## TASK GOAL
Find "Jag landade på" in the entries below; copy that line through the last, exactly, with no pictures.

________________________________________

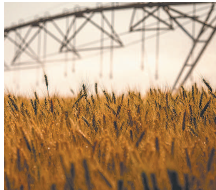
Peso dos fertilizantes é de 38% em Cascavel, no Paraná
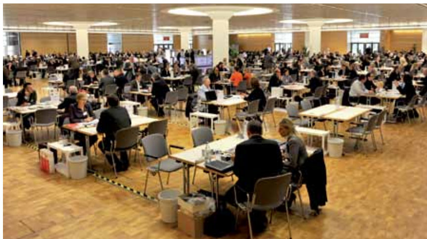
Razgovori novinara koji preta graditeljstvo s izlagačima Bau 2013 na Münchenskom sajmu u listopadu 2012.

U odnosu na suvremenu uporabu energije valja reći da sada u Europi gotovo 40 % utrošene energije odlazi na grijanje
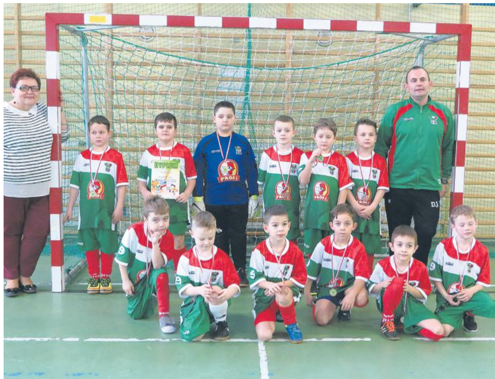
4. KB Doruchów
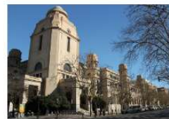
La Universitat de València se sitúa entre las mejores de España en el ranking URAP de producción científica 15 enero, 2020
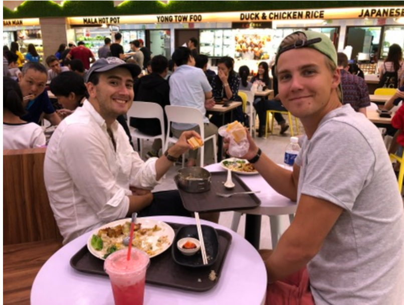
Jag och min klasskompis från KTH äter lunch på campus första dagen

Jag landade på Changi airport i Singapore dagen innan den första introduktionsföreläsningen. Veckan som följde var det inga föreläsningar och vi utforskade staden. Därefter började den en s.k. add/drop-period. Detta är en period när man väljer de kurser man vill läsa. Det är svårt att få de kurser man vill ha och samtidigt måste man kommunicera med KTH om de går att tillgodoräkna. Det var hög konkurrens på data-kurserna och efter mycket om och men så löste det sig till slut.
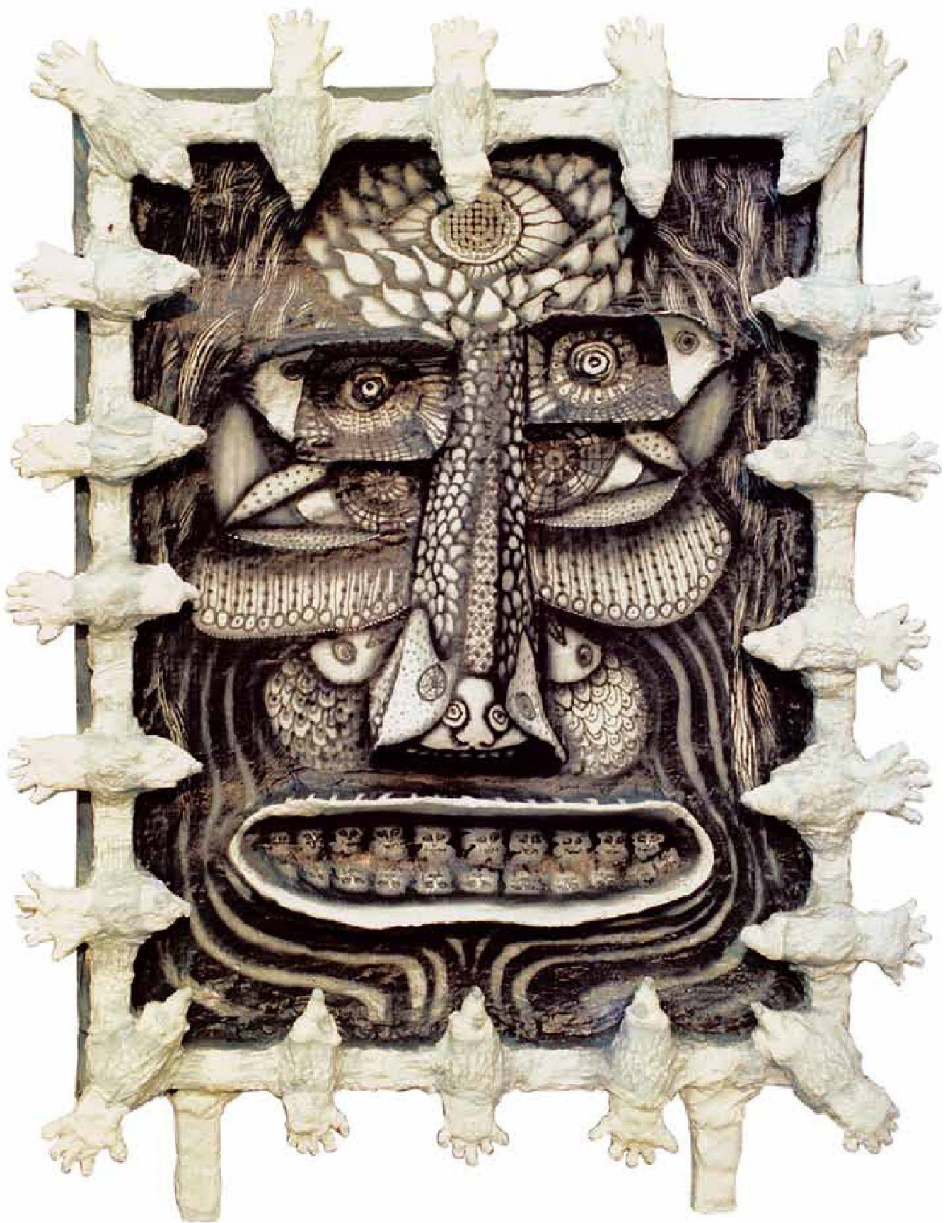
«Maske», Objekt, Mischtechnik, 110 x 140 cm, 1974
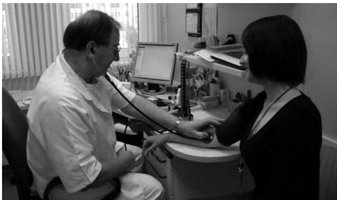
MERJENJE KRVNEGA TLAKA
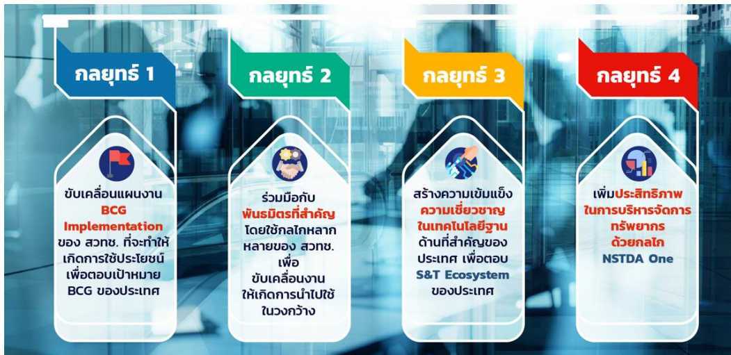
แผนภาพที่ 6 แผนกลยุทธ์ สวทช. ปีงบประมาณ พ.ศ. 2567 - 2571

ให้มีเพียงพอ ต่อการปฏิบัติงานสามารถดำเนินงานสำคัญได้อย่างไม่ติดขัดหรือหยุดชะงัก แผนกลยุทธ์ สวทช. แสดงได้ดังแผนภาพที่ 6

________________________________________

## SOLVED EXERCISE
Jag landade på Changi airport i Singapore dagen innan den första introduktionsföreläsningen. Veckan som följde var det inga föreläsningar och vi utforskade staden. Därefter började den en s.k. add/drop-period. Detta är en period när man väljer de kurser man vill läsa. Det är svårt att få de kurser man vill ha och samtidigt måste man kommunicera med KTH om de går att tillgodoräkna. Det var hög konkurrens på data-kurserna och efter mycket om och men så löste det sig till slut.
«Maske», Objekt, Mischtechnik, 110 x 140 cm, 1974
MERJENJE KRVNEGA TLAKA
แผนภาพที่ 6 แผนกลยุทธ์ สวทช. ปีงบประมาณ พ.ศ. 2567 - 2571

ให้มีเพียงพอ ต่อการปฏิบัติงานสามารถดำเนินงานสำคัญได้อย่างไม่ติดขัดหรือหยุดชะงัก แผนกลยุทธ์ สวทช. แสดงได้ดังแผนภาพที่ 6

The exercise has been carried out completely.